# The linear transformation of the normal gaussian vectors

I am facing difficulty in proving the following statement. It is given in a research paper found on Google. I need help in proving this statement!

Let $X= AS$, where $A$ is orthogonal matrix and $S$ is gaussian. The isotopic behavior of the Gaussian $S$ which has the same distribution in any orthonormal basis.

How is $X$ Gaussian after applying $A$ on $S$?

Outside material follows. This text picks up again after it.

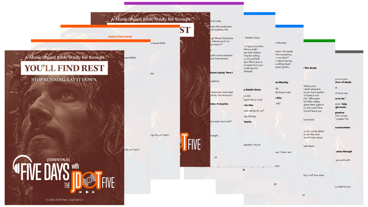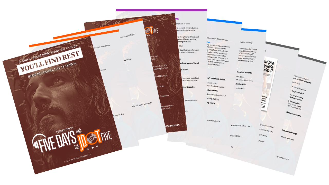FIVE DAYS with The JDOT Five (Essentials) is the complete curriculum guide that shows you exactly how to turn this week's playlist into a transformational group experience.

• Since you mention a paper you found on Google, please link to the paper. – Ben Jun 14 '18 at 4:44
• Sorry I search in Private mode and now I am not able to track it. Actually it is related to Independent Component analysis in unsupervised learning. – ironman Jun 14 '18 at 4:52
• No problem - hopefully my answer helps anyway. – Ben Jun 14 '18 at 5:05
• Suggest to change the title to something a little more precise like "linear transformation of normal gaussian vectors". – JayCe Jun 14 '18 at 13:07

## 2 Answers

Since you have not linked to the paper, I don't know the context of this quote. However, it is a well-known property of the normal distribution that linear transformations of normal random vectors are normal random vectors. If $\boldsymbol{S} \sim \text{N}(\boldsymbol{\mu}, \boldsymbol{\Sigma})$ then it can be shown that $\boldsymbol{A} \boldsymbol{S} \sim \text{N}(\boldsymbol{A} \boldsymbol{\mu}, \boldsymbol{A} \boldsymbol{\Sigma} \boldsymbol{A}^\text{T})$. Formal proof of this result can be undertaken quite easily using characteristic functions.

For a little bit of visualisation, consider that the Gaussian distribution is scaled by r^2, so multiple independent axes form a Pythagorean relation when scaled by their standard deviations, from which follows that the re-scaled distribution fuzz ball becomes spherical (in n dimensions) and can be rotated about its centre at your convenience.

One of the radial measures is the Mahalanobis distance and is useful in many practical cases where the central limit is applied...